Foursquare has not cornered the nascent location-based social service war, executives from Google, Facebook and Foursquare asserted at the TechCrunch Disrupt event in New York May 25.
TechCrunch Editor Michael Arrington asked Vic Gundotra, vice president of engineering for Google, Chris Cox, vice president of product management for Facebook and Foursquare CEO Dennis Crowley, whether social check-in service Foursquare had won the location-based service battle.
“Are they the YouTube of location?” Arrington added, a nod to the Google-owned property’s unparalleled status in user-generated video.
Gundotra, whose company offers the Google Latitude friend-finding application and the Google Buzz for mobile social app, said there will be many players for location-based services.
“I think Foursquare has done some pretty amazing work, some examples of the kind of exciting things you can do with check-ins, but it’s extremely early,” Gundotra said. “I think you’re going to see lots of information in the next year from everybody and I think that’s good for consumers.
For example, Google last week launched its Latitude API to allow developers to write apps that leverage Google’s location database. The company hopes programmers write apps that let Latitude’s 3 million-plus users track home appliances, scan highway traffic and warn users of credit card fraud.
Gundotra promised there will be exciting enhancements to Latitude this year that “make it more popular.”
Google in February launched its Google Buzz for mobile application, which lets smartphone users post comments that get tagged based on where they are when they posted their Buzz. This is sort of like a check-in even if Google doesn’t call it that, as Arrington pointed out.
To be sure, Buzz has faced privacy hiccups, but its mobile app is the closest program Google has to competing with Foursquare, even if it doesn’t leverage check-ins. Over time, Google Latitude and Google Buzz will likely be integrated.
Arrington then put the question to Cox, who said location is not a space where there will be one winner with a bunch of losers. “It’s a piece of context that’s going to be a part of a lot of different experiences,” Cox added.

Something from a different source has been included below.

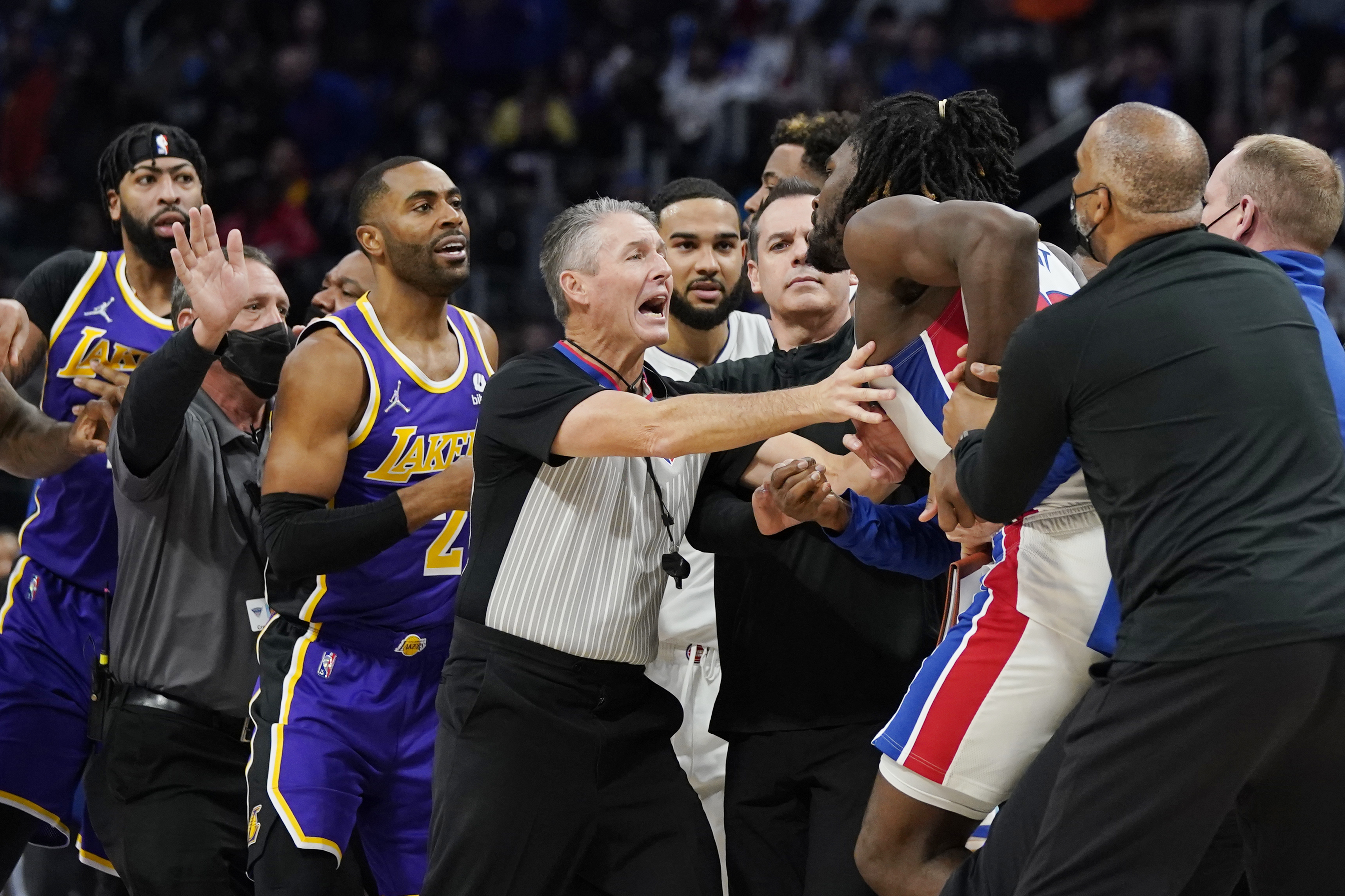 … Or so we all thought, because it turns out Stewart wasn’t really calm. Stewart still wanted James’ head, so he made everyone think he was fine and then charged at James again. It looked a lot like an NFL running back swerving through defenders, trying not to get taken down. Although he shoved off the first few people that tried to hold him, he was eventually stopped by three coaches and Cade Cunningham, the first pick in the 2021 NBA Draft. With blood by his eye socket and streaming down his face, Stewart made his way back to the locker room, for it was already a foregone conclusion he was ejected… except he didn’t stop there. Once he was about to exit the floor, pushing off the arm of one of his coaches, Stewart turned around, charging at James while seeing red (literally and figuratively). He got through nearly the entire Pistons’ staff and almost made it to the Lakers end of the floor before he was stopped, and I don’t doubt he would have knocked James unconscious if he had the chance. Eventually, after the third and final time, Stewart and James were both ejected, and play resumed.

Facebook is reportedly offering location-based status updates for its users later this month. Facebook is said to be building an application with McDonald’s that lets users check in at one of the fast-food chain’s restaurants and have a featured product appear in the post.
Even Foursquare’s Crowley, who sold an early version of Foursquare in Dodgeball to the company and left after Google let it whither, denied there is a clear-cut winner in the location-based services market.
“I think we’re building great stuff,” Crowley said. “I don’t think we’re the winner. This is super early in the space. Look at two years ago, there wasn’t really anything interesting going on.”
He added that by adding reviews and ratings and game mechanics to Foursquare’s post check-in page, his company made the space more interesting. Foursquare gets more than 700,000 check-ins per day, with 35 percent of its 1 million users using the app daily.
Foursquare has partnered with the likes of PepsiCo, Starbucks, Bravo and MTV. Foursquare users who check in at Starbucks locations will earn the “Barista badge” after five check-ins.
The panelists provided politic answers. The truth behind the scenes is likely more cutthroat, with the companies scrambling to lure more users and more advertising partners willing to leverage location.
Moreover, Arrington neglected to press Gundotra on the bold statements he made against Apple at Google I/O last week, which was curious considering the attention he drew.